Star boxer Manny Pacquiao is making headlines this week for his controversial statements regarding President Obama’s recent coming-out in support of gay marriage.
“God only expects man and woman to be together and to be legally married, only if they are in love with each other,” Pacquaio told the National Conservative Examiner.
The six-time world champion went on cite the examples of Sodom and Gomorrah and quote the passage in the book of Leviticus that outlaws homosexual behavior.
Whether anyone will really listen to Pacquiao — who has a colorful history of erratic behavior, including cockfighting charges and gambling problems — remains to be seen. One thing is for sure, though: This isn’t a new phenomenon.

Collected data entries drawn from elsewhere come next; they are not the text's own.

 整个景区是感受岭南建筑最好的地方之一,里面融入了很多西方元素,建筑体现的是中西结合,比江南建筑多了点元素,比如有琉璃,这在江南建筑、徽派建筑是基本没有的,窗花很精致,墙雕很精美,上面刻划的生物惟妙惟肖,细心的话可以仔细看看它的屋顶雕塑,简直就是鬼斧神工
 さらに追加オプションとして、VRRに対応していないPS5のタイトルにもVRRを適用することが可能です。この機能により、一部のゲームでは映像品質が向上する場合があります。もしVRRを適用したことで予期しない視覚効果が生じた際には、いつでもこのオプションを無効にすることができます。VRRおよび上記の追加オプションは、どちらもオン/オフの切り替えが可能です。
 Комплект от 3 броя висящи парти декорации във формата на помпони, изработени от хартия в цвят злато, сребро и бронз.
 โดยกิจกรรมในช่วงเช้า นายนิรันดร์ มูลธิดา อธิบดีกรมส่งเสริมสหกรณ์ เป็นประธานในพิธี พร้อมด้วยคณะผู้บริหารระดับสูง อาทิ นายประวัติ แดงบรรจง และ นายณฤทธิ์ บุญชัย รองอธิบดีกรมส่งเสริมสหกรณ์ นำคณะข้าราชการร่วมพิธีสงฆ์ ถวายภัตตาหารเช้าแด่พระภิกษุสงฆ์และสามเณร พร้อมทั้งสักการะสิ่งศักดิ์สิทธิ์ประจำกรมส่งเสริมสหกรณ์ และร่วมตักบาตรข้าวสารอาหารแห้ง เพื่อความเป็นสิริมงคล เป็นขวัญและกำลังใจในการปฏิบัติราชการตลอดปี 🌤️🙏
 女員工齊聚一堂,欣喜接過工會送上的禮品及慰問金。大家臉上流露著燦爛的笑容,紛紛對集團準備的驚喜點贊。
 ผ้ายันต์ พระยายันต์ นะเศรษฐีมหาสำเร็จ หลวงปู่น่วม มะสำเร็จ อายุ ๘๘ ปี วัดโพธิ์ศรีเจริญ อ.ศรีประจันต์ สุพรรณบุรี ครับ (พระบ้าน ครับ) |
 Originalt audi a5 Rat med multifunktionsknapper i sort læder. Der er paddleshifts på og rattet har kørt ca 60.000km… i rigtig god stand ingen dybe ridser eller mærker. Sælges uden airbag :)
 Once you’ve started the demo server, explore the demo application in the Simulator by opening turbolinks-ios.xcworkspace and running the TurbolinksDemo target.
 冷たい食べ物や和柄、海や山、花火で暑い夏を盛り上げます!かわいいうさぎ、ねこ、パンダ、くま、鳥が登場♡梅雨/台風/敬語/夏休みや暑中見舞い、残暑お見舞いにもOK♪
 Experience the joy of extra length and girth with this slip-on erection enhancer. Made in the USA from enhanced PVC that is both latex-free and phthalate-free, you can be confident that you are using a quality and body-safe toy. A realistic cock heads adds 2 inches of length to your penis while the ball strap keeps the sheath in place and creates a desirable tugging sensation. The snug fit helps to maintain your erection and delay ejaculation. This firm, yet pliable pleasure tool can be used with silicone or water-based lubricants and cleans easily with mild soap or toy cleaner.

At Georgetown University, there is a 300-level international affairs class called “Sports, Politics and Cultural Diplomacy.”

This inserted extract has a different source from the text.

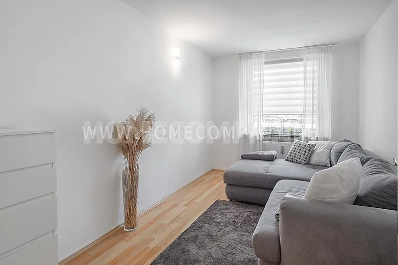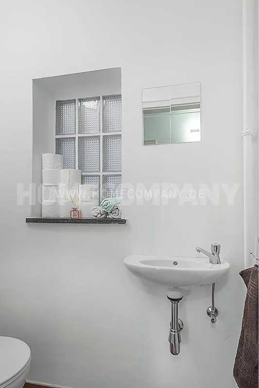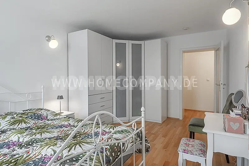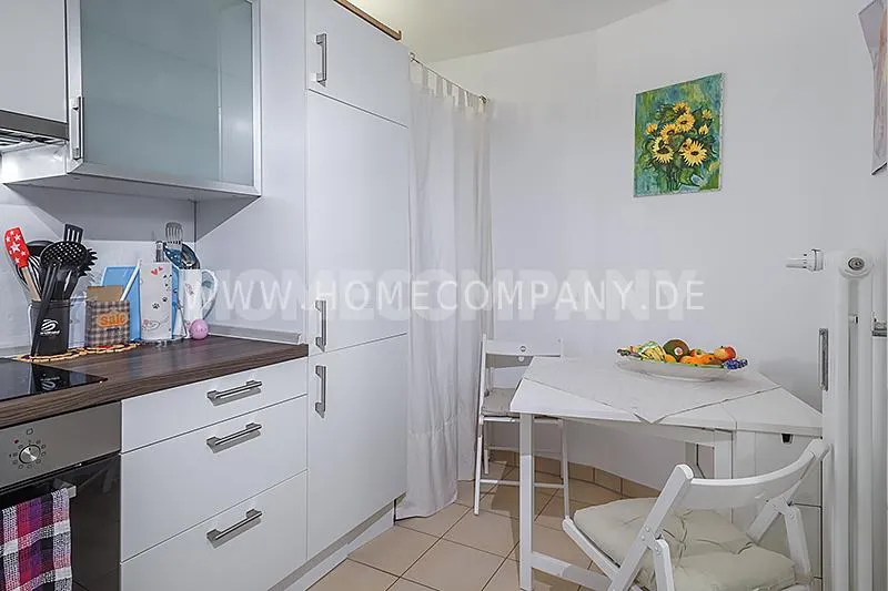Modernly furnished 3-room flat with balcony in Schwabing West. Ground floor. The bright living room has a comfortable sofa and a dining table for up to 6 people; access to the large balcony from here. The separate kitchen is equipped with everything you need on a daily basis, e.g. dishwasher, all kitchen utensils. The bedroom has a double bed and a wardrobe. Guest room with sofa bed. The daylight bathroom offers a bathtub. Separate toilet.

At first glance, this might seem like a bizarre, unique class tailored to the legions of basketball-obsessed foreign policy wonks that make up Georgetown. But in fact, sports and politics cross over into each others’ realms relatively often.

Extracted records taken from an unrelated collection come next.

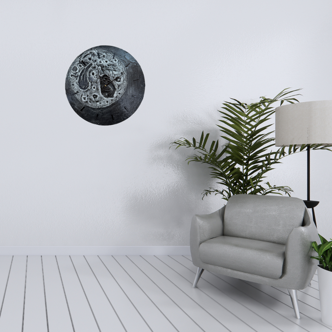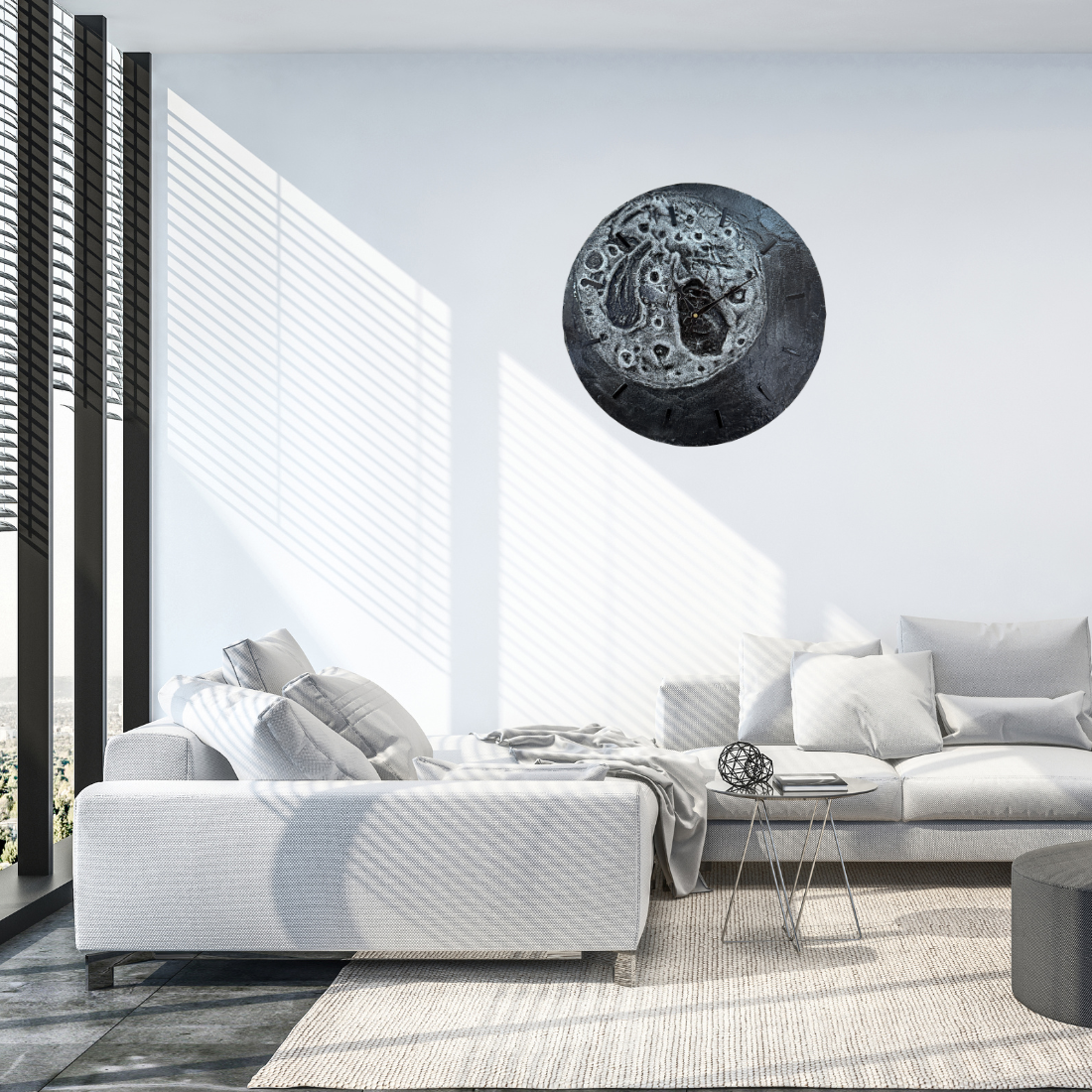 The Moon Surface Hand-Sculpted Wall Clock is inspired by the mystery of space, featuring hand-sculpted lunar craters and textures. A perfect piece for space lovers, modern interiors, and premium décor themes.
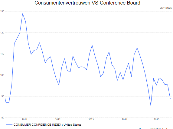 - Het consumentenvertrouwen daalde evenwel, wat wijst op lagere consumentenuitgaven in het vierde kwartaal.
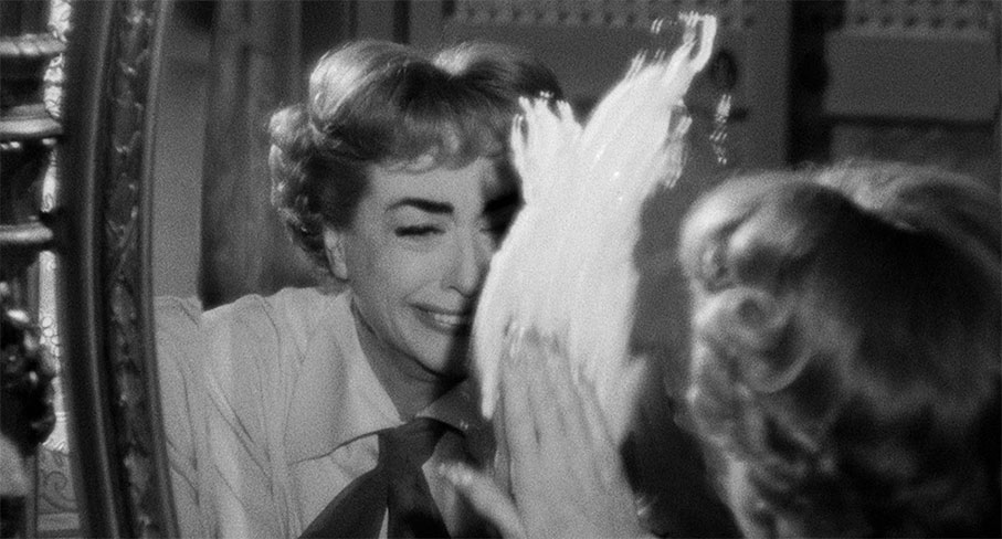 And then there’s Eva, the dark sun around which the other characters orbit, a destructive gravitational pull that they are seemingly unable or unwilling to break free from. As a character, Eva comes across as a heartless, narcissistic and self-centred control freak who expects everybody to bend to her will, and seems to know exactly how to force each of them to do so (remind you of anyone in the current political climate?), but as played with some relish by Joan Crawford, she’s a twisted joy to watch. Crawford really is on excellent form here, able to instil her sharp words with secondary meaning with a flick of her large and expressive eyes or the lilt of her scheming and self-satisfied smile. For me, this peaks with her suggestion to one character that her partner has been unfaithful, and when that person asks who with, the way that Crawford delivers the line, “Who do you think?” actually prompted me to omit a small squeal of delight, in spite of the calculated nastiness of her action. “Any man’s my man if I want it that way,” she claims at one point, and it quickly becomes clear that these are not empty words, and that she is fully prepared to use her past affairs as weapons to manipulate those who fell, however briefly, under her spell. This is given symbolic representation when she makes a telephone call to lie her way out of a party date in order to stay in for an evening meal that will be unexpectedly attended by one of her past flings, and as she spins her yarn to the party host, she snares the man in question by casually looping the telephone cord around his neck and tightening it in the manner of an owner putting her dog on a choke leash. Intermittently, however, cracks in this confidently controlling façade briefly become visible. This first occurs when Eva recalls how the attitudes of others shaped her current personality and completely loses her rag in front of a distressed Jennifer, the second when she is delivered distressing news of a catastrophe that she was instrumental in triggering, and she expresses her furious despair by feverishly obliterating her reflection in a mirror with face cream.

One needs only to look back a few decades to find an example of how powerful these interactions can be. In the 1970s, the Nixon administration used ping-pong to reach out to China, then a budding global power that had just begun to open its doors to the outside world.
“Ping-pong diplomacy” was largely successful in developing early ties between the two nations that now constitute the world’s only superpowers.
Then, of course, there’s everyone’s favorite sporting event with political undertones: 1980’s “Miracle on Ice,” in which the U.S. national ice hockey team knocked off the highly favored USSR squad in an Olympic game. The U.S. went on to win the gold medal that year, marking an important symbolic victory for a nation embroiled in the Cold War.
But perhaps the most interesting way sports and politics interact is when athletes use their prominent status within a society to advocate for political causes.
In the 1968 Olympics, American track stars Tommie Smith and John Carlos took first and third place, respectively, in the 200-meter dash. They then raised their fists in “black power” salutes while atop the medal stand, a controversial gesture that is viewed as one of the great lasting symbols of the civil rights movement.
Many athletes today seem to be wary of advocating especially controversial political positions for fear of alienating fans. But that hasn’t stopped some from making their voices heard. Boston Bruins goalie Tim Thomas refused to join his Stanley Cup-winning team on their trip to the White House earlier this year, citing personal disagreement with Obama’s political agenda.
“I believe the Federal government has grown out of control, threatening the Rights, Liberties, and Property of the People,” he said. “This is being done at the Executive, Legislative, and Judicial level. This is in direct opposition to the Constitution and the Founding Fathers vision for the Federal government.”
The announcement raised eyebrows in the hockey community, but Bruins president Cam Neely backed up his goalie’s right to make the decision, even though he didn’t agree.
Pacquiao’s protest is interesting in that most historical incidences of sports and politics interacting involve progressive causes — opening diplomatic ties, advocating for racial equality, etc. — and his position is decidedly conservative.
As athletes become more and more concerned with image and marketability, candid statements like Pacquiao’s and decisions like Thomas’ are likely to become more and more of a rarity.
So while you might not agree with the controversial boxer, appreciate his announcement.
In an era of cautiousness and marketability concerns, Pacquiao is keeping the tradition of political activism by athletes alive.